• Task description: Find, in the records below, the line that contains "يونيو عام 2025" and the line that contains "To count down". Copy those two lines and everything between them exactly, but not the pictures.

• Records shown:
———

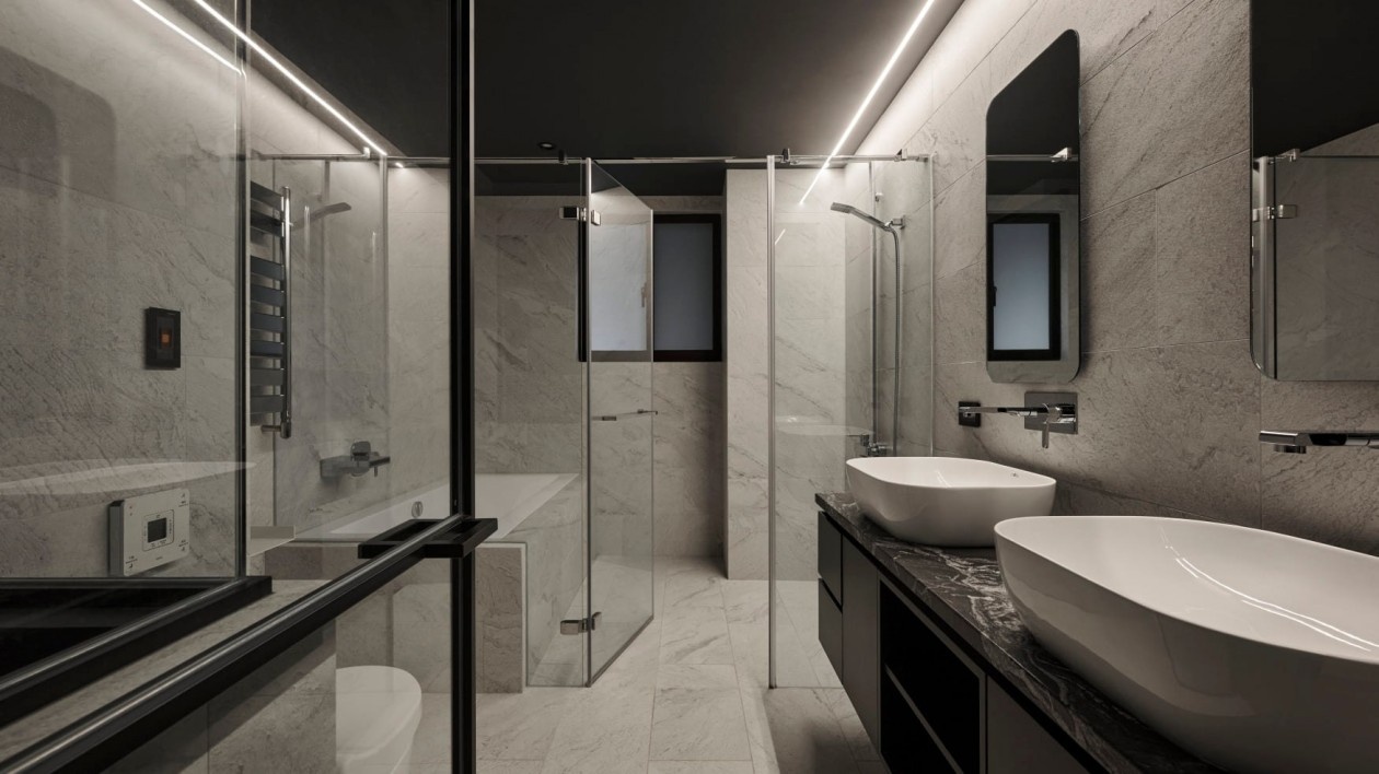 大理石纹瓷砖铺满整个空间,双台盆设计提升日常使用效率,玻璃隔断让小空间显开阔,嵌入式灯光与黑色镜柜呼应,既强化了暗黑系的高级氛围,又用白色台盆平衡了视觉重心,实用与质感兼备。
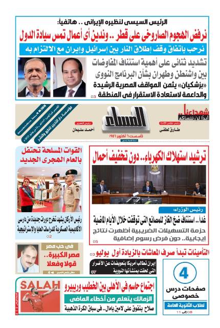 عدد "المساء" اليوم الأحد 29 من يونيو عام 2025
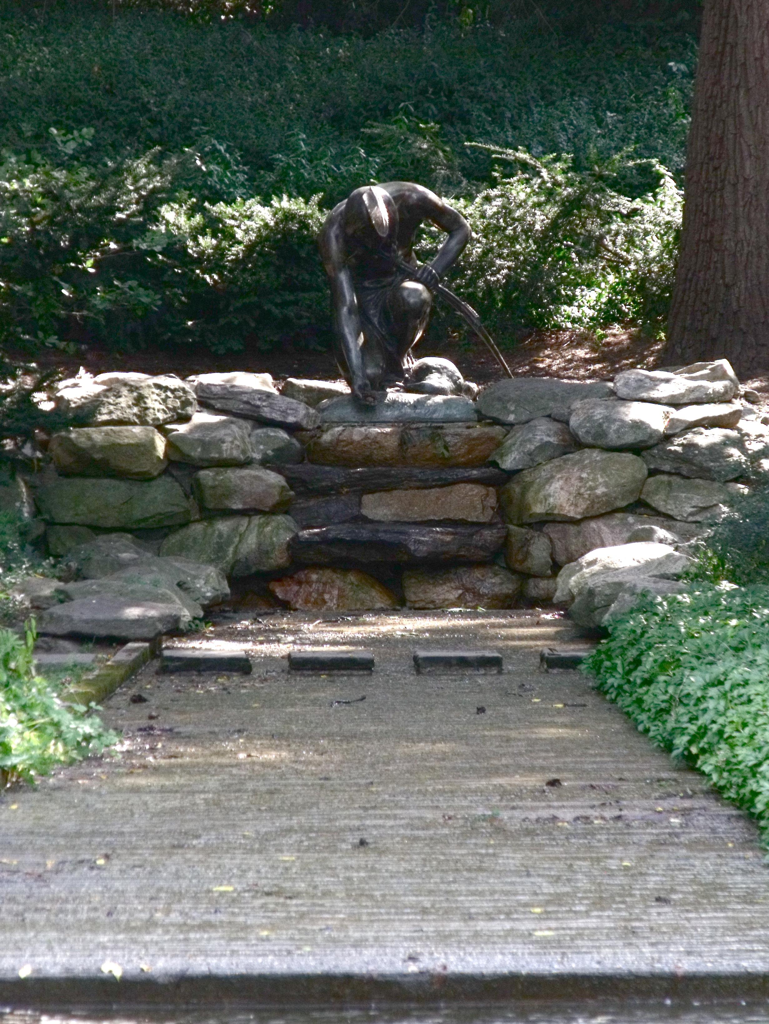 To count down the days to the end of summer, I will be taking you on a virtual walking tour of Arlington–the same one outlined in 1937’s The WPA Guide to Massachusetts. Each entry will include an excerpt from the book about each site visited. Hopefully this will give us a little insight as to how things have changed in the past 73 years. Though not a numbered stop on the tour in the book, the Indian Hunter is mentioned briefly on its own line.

———

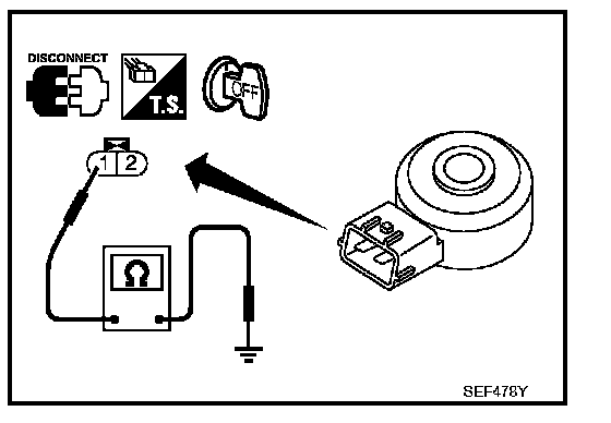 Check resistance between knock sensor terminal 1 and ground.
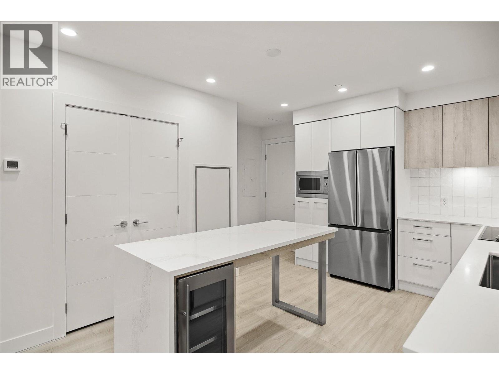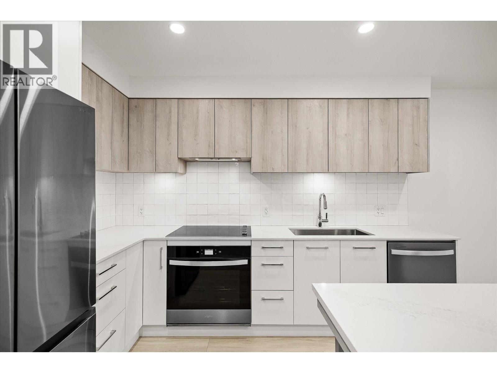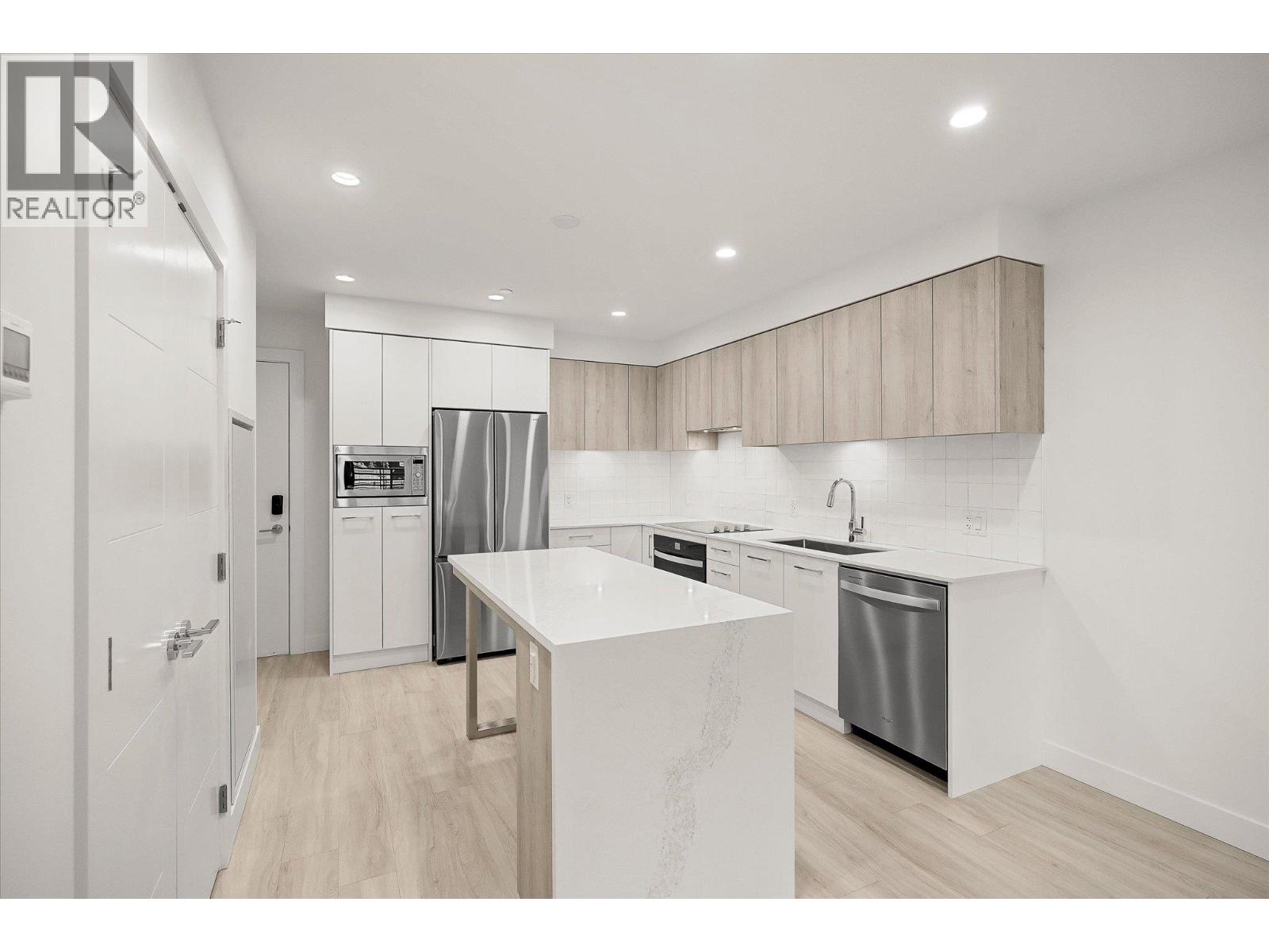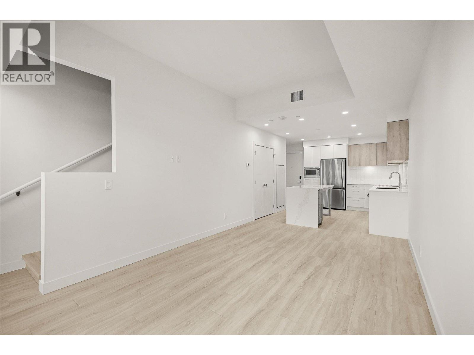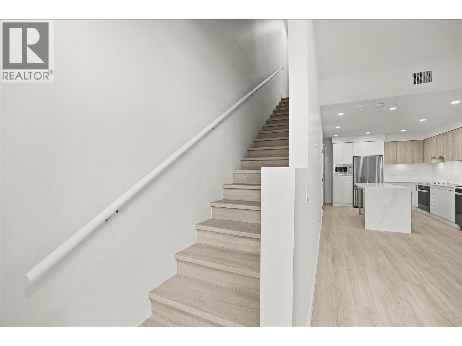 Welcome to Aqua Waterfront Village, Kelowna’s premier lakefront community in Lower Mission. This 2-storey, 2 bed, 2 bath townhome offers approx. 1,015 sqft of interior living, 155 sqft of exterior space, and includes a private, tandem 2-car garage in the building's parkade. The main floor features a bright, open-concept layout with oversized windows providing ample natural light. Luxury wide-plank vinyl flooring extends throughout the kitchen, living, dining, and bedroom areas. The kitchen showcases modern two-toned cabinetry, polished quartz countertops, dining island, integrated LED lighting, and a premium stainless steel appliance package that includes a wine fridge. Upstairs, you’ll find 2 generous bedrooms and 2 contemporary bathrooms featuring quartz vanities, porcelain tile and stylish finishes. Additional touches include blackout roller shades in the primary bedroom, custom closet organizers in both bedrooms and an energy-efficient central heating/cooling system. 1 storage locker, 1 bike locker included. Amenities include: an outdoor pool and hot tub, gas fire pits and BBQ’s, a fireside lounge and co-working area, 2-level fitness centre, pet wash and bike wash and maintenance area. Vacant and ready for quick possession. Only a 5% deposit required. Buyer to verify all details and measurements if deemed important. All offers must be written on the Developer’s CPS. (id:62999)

———

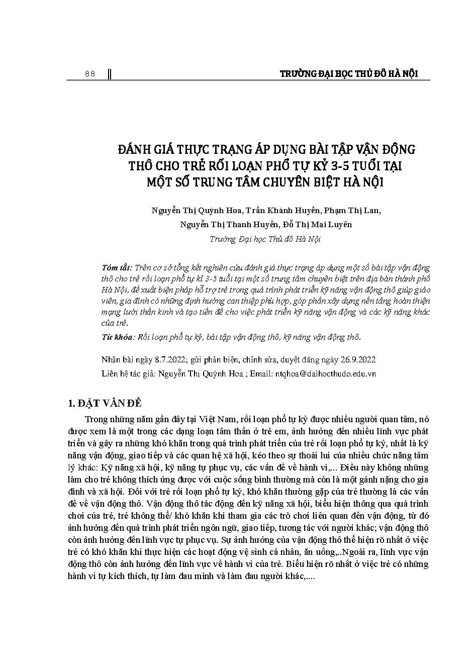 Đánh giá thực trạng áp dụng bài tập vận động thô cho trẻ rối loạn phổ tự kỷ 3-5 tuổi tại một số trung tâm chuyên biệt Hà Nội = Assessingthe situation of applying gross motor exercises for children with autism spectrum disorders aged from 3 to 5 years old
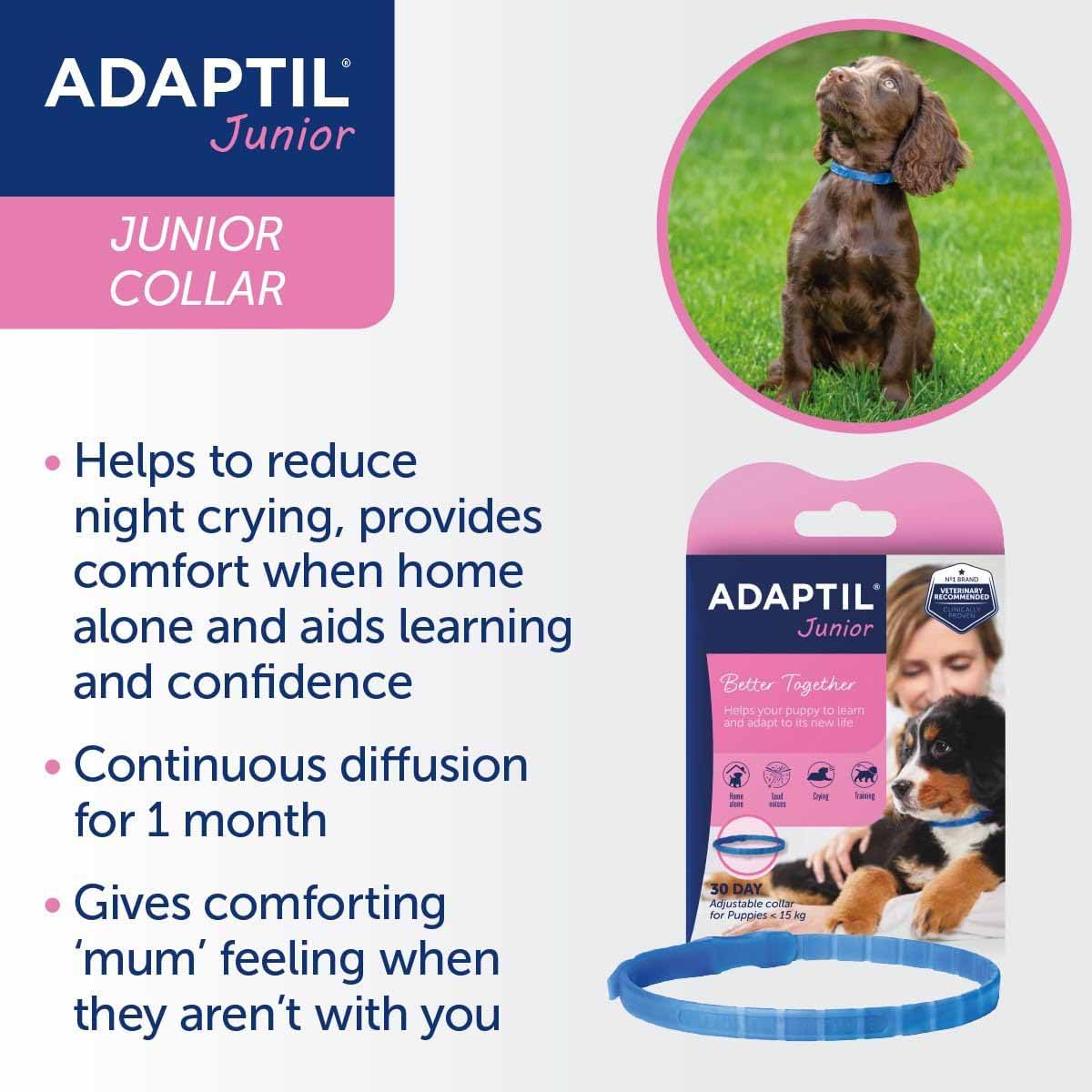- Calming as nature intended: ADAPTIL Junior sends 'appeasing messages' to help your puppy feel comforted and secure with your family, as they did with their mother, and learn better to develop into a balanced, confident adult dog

———

• Problem solution:
 عدد "المساء" اليوم الأحد 29 من يونيو عام 2025
 To count down the days to the end of summer, I will be taking you on a virtual walking tour of Arlington–the same one outlined in 1937’s The WPA Guide to Massachusetts. Each entry will include an excerpt from the book about each site visited. Hopefully this will give us a little insight as to how things have changed in the past 73 years. Though not a numbered stop on the tour in the book, the Indian Hunter is mentioned briefly on its own line.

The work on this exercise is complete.